Gönül taşla kırılmaz dedi derviş

“Gönül taşla kırılmaz” dedi derviş,Ya ses tonuyla kırılır, ya da söz tonuyla Bu söz, insan kalbinin sanıldığı kadar sert olmadığını; aksine en çok görünmeyen darbelerle incindiğini anlatır.

Gönül taşla kırılmaz dedi derviş
Gönül taşla kırılmaz dedi derviş

“Gönül taşla kırılmaz” dedi derviş,Ya ses tonuyla kırılır, ya da söz tonuyla…

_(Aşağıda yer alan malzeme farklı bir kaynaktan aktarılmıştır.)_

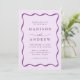 Apresentamos o convite para o casamento do Modern Black Wavy Frame, onde boho se encontra com o Retro numa celebração harmoniosa do amor! Com a inscrição roxa escura dançando sobre o fundo roxo claro, adornada com um quadro ondulado que lembra o charme vintage, este design cômico define o tom perfeito para seu dia especial. Personalizado com os nomes dos casais e os detalhes do casamento, cada elemento exumenta um ar de nostalgia e elegância moderna. Aceite o encantamento de sua união com este convite único, convidando seus convidados a se juntar à alegria de sua história de amor boho-retrô.
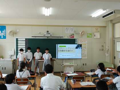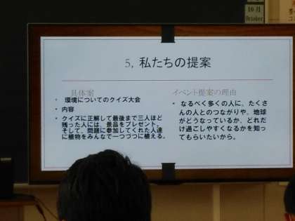 公園にポイすてされたごみを拾い実態調査し、ごみ拾いイベントで、ギネスに挑戦したり、商店街とコラボしクーポン券を配ったりすると町が活気づくと提案した班。

İnsan, sandığından çok daha hassas bir varlıktır. Bedeni güçlü, iradesi dirençli olabilir; fakat gönlü, en ince dokunuşlarla bile sarsılabilir. Dervişin hikmetle söylediği bu söz, asırlardır kulaktan kulağa dolaşır: Gönül taşla kırılmaz. Çünkü gönül, maddi darbelerden ziyade manevî incinmelere açıktır. Onu asıl yaralayan; yükselen bir ses, sertleşen bir ton, düşünülmeden söylenen bir kelimedir.

Taş, yalnızca bedene zarar verir; iz bırakır, sonra geçer. Oysa söz, kalbe değdi mi izi kalır. İnsan çoğu zaman kendisine atılan taşı unutur ama kendisine yöneltilen küçümseyici bir bakışı, alaycı bir sesi, incitici bir cümleyi kolay kolay unutamaz. Çünkü söz, doğrudan gönle ulaşır. Tonuyla merhamet taşıyorsa şifa olur, öfke taşıyorsa yara açar.

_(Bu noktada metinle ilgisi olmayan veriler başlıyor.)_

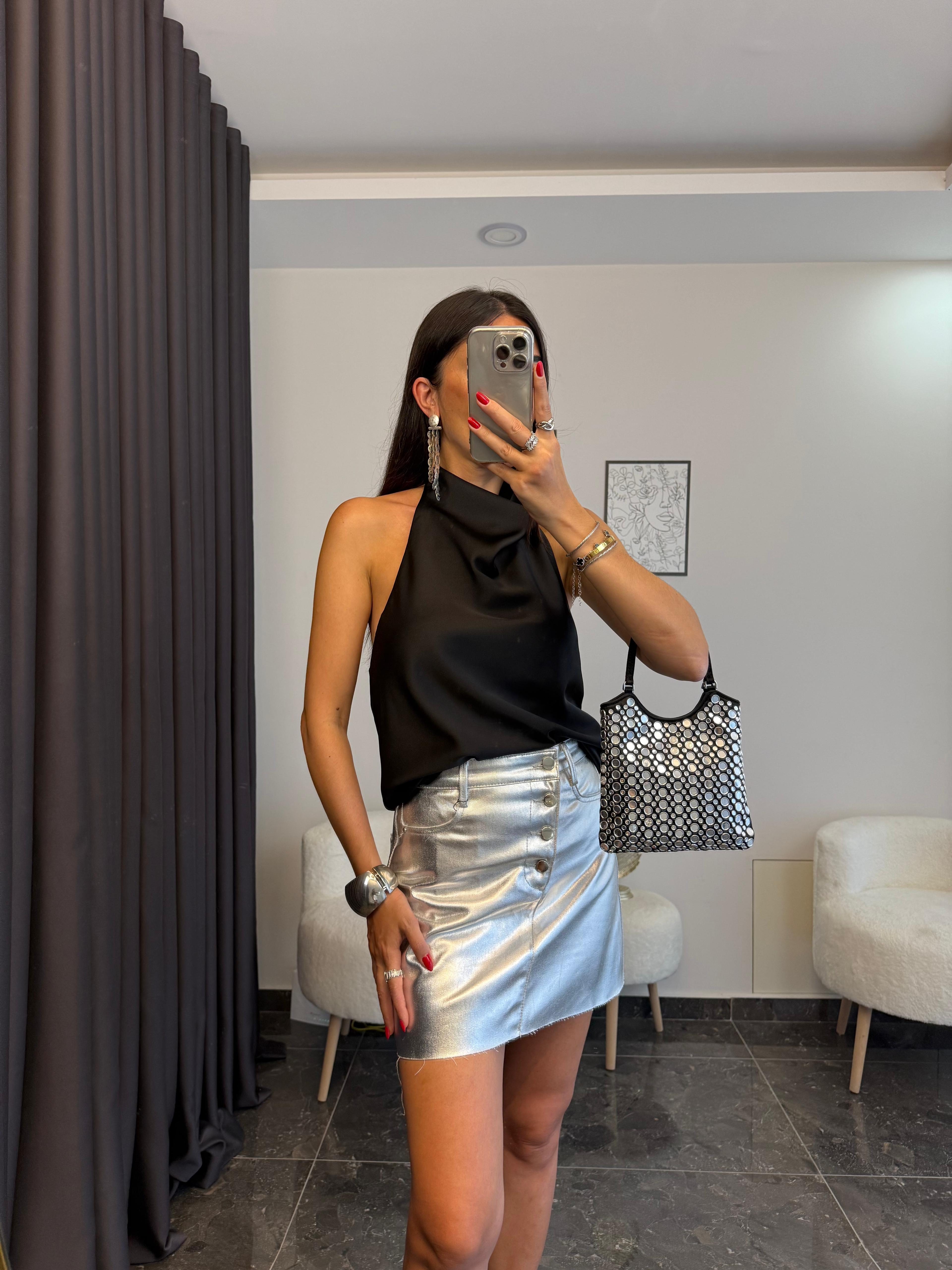 Gardırobunuzun vazgeçilmezi olacak bu siyah saten bluz zarafeti ve modern şıklığı bir araya getiriyor. Yumuşak dokulu saten kumaşı sayesinde gün boyu konfor sunarken, hafif parlak yüzeyi ile dikkat çeken sofistike bir görünüm sağlar. İster günlük kombinlerinizde ister özel davetlerde rahatlıkla tercih edebilirsiniz.

Ses tonu, insanın iç dünyasının aynasıdır. Aynı kelime, yumuşak bir sesle söylendiğinde teselli olurken, sert bir tonla söylendiğinde gönlü paramparça edebilir. Bu yüzden dervişler, edebi yalnızca sözde değil, seste de aramışlardır. Onlar bilir ki ses, niyetin elçisidir; kalpte ne varsa dudaklardan önce sese yansır.

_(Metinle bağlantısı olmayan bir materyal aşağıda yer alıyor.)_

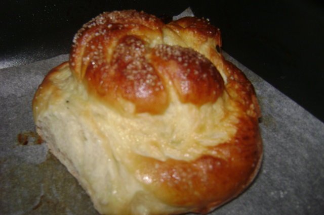 Благодаря, аз като една абсолютно начинаеща..... Рецептата е на Венета, само дибавих ванилия и лимонови кори. Но този път изчаках захарта хубаво да се стопи в яйцата, отделих малко от брашното и го добавих при млякото и маята, изчаках го около 20тина минути да шупне и го прибавих към останалите съставки. Използвах суха мая. Не знам дали всичко това има значение но тестото ми се получи, втаса хубаво и го усуках няколко пъти. Peace

Sözün tonu ise insanın ahlakını ele verir. Haklı olmak, her zaman incitmeden konuşmayı başaramayanların sığınağıdır. Oysa hikmet ehli bilir: Haklı olmak değil, hakikati incitmeden söyleyebilmek erdemdir. Bir gönlü kazanmak, bin tartışmayı kazanmaktan daha değerlidir. Çünkü gönül kırıldı mı, doğrular bile yarım kalır.

Gönül incitmek, bazen farkında olmadan yapılan bir hatadır. Kimi zaman aceleyle, kimi zaman yorgunlukla, kimi zaman da öfkenin sisinde söylenen sözler, karşımızdakinin kalbinde derin çatlaklar oluşturur. Bu çatlaklar görünmez; ama insanın içine sessizce yerleşir. Sonra mesafe olur, soğukluk olur, suskunluk olur.

Bu yüzden dervişler susmayı da konuşmak kadar kıymetli görmüşlerdir. Her söz söylenmek zorunda değildir; her düşünce dile gelmek mecburiyetinde değildir. Söz, gönül süzgecinden geçmeden ağızdan çıkmamalıdır. Çünkü bir kez çıktı mı, geri dönüşü yoktur.

Sonuçta insan, en çok sevdiklerinin sesinden incinir. Yabancının taşı acıtır; ama yakının sözü yakar. İşte bu yüzden, kalbe en yakın olanlara karşı en dikkatli olunmalıdır. Merhametli bir ton, güzel seçilmiş bir kelime, bazen bir ömrü onarır.

Dervişin sözü boşuna değildir: Gönül taşla kırılmaz. Gönül, sesle ve sözle kırılır. O halde insan, önce sesini terbiye etmeli, sonra sözünü güzelleştirmelidir. Çünkü gönül yapmak, taş kırmaktan daha zor; ama çok daha değerlidir.